How to correctly select the filter capacitor in the design of switching power supply?
The wave capacitor plays a very important role in the switching power supply. How to correctly select the filter capacitor, especially the selection of the output filter capacitor is a problem that every engineer and technician is very concerned about. We can see various capacitors on the power filter circuit, 100uF, 10uF, 100nF, 10nF with different capacitance values, so how are these parameters determined? Don't tell me that I copied someone else's schematic diagram, huh, huh.
Common electrolytic capacitors used in 50Hz power frequency circuits have a pulsating voltage frequency of only 100Hz, and the charging and discharging time is on the order of milliseconds. In order to obtain a smaller pulsation coefficient, the required capacitance is as high as hundreds of thousands of μF. Therefore, the goal of ordinary low-frequency aluminum electrolytic capacitors is to increase the capacitance. The main parameters of pros and cons. However, the output filter electrolytic capacitor in the switching power supply has a sawtooth wave voltage frequency as high as tens of kHz, or even tens of MHz. At this time, the capacitance is not the main indicator. The standard for measuring the quality of high-frequency aluminum electrolytic capacitors is "impedance- "Frequency" characteristics, it is required to have a lower equivalent impedance within the operating frequency of the switching power supply, and at the same time have a good filtering effect on the high-frequency spikes generated when the semiconductor device is working.
Ordinary low-frequency electrolytic capacitors begin to show inductivity at around 10kHz, which cannot meet the requirements of switching power supplies. The high-frequency aluminum electrolytic capacitor dedicated to the switching power supply has four terminals. The two ends of the positive aluminum sheet are respectively drawn out as the positive electrode of the capacitor, and the two ends of the negative aluminum sheet are also respectively drawn out as the negative electrode. The current flows in from one positive terminal of the four-terminal capacitor, passes through the inside of the capacitor, and then flows from the other positive terminal to the load; the current returning from the load also flows in from one negative terminal of the capacitor, and then flows from the other negative terminal to the negative terminal of the power supply.

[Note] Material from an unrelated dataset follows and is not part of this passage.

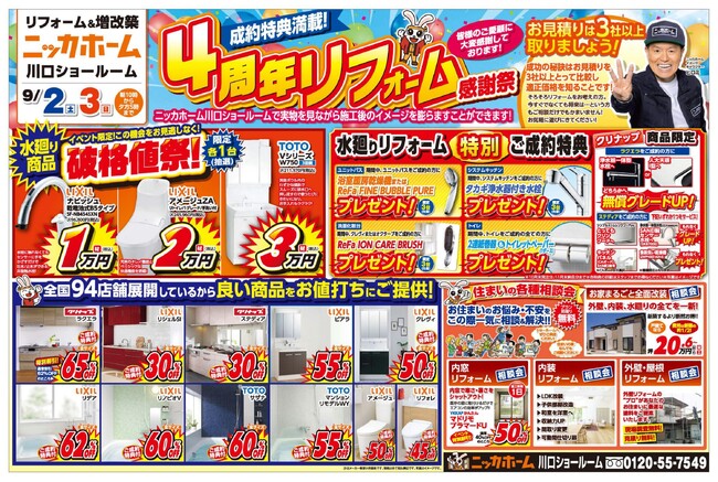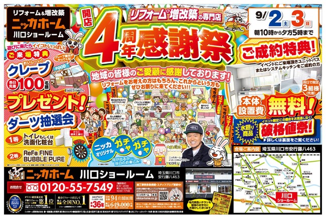 リフォーム&増改築の”ニッカホーム川口ショールーム”が周年感謝祭を開催します!この秋、お得にリフォームができるチャンス!9/2(土)・3(日)の2日間は、ニッカホームショールームイベントで決まりだ!

Since the four-terminal capacitor has good high-frequency characteristics, it provides an extremely favorable means for reducing the pulsating component of the voltage and suppressing the switching spike noise. High-frequency aluminum electrolytic capacitors also have a multi-core form, that is, the aluminum foil is divided into several shorter sections, and multiple leads are connected in parallel to reduce the impedance component in the capacitive reactance. And the use of low-resistivity materials as lead-out terminals improves the ability of the capacitor to withstand large currents.
For digital circuits to operate stably and reliably, the power supply must be "clean", and energy replenishment must be timely, that is, filtering and decoupling must be good. What is filtering and decoupling, simply put, it is to store energy when the chip does not need current, and I can replenish energy in time when you need current. Don't tell me that this responsibility is not for DCDC and LDO? Yes, at low frequencies they can handle it, but high speed digital systems are different.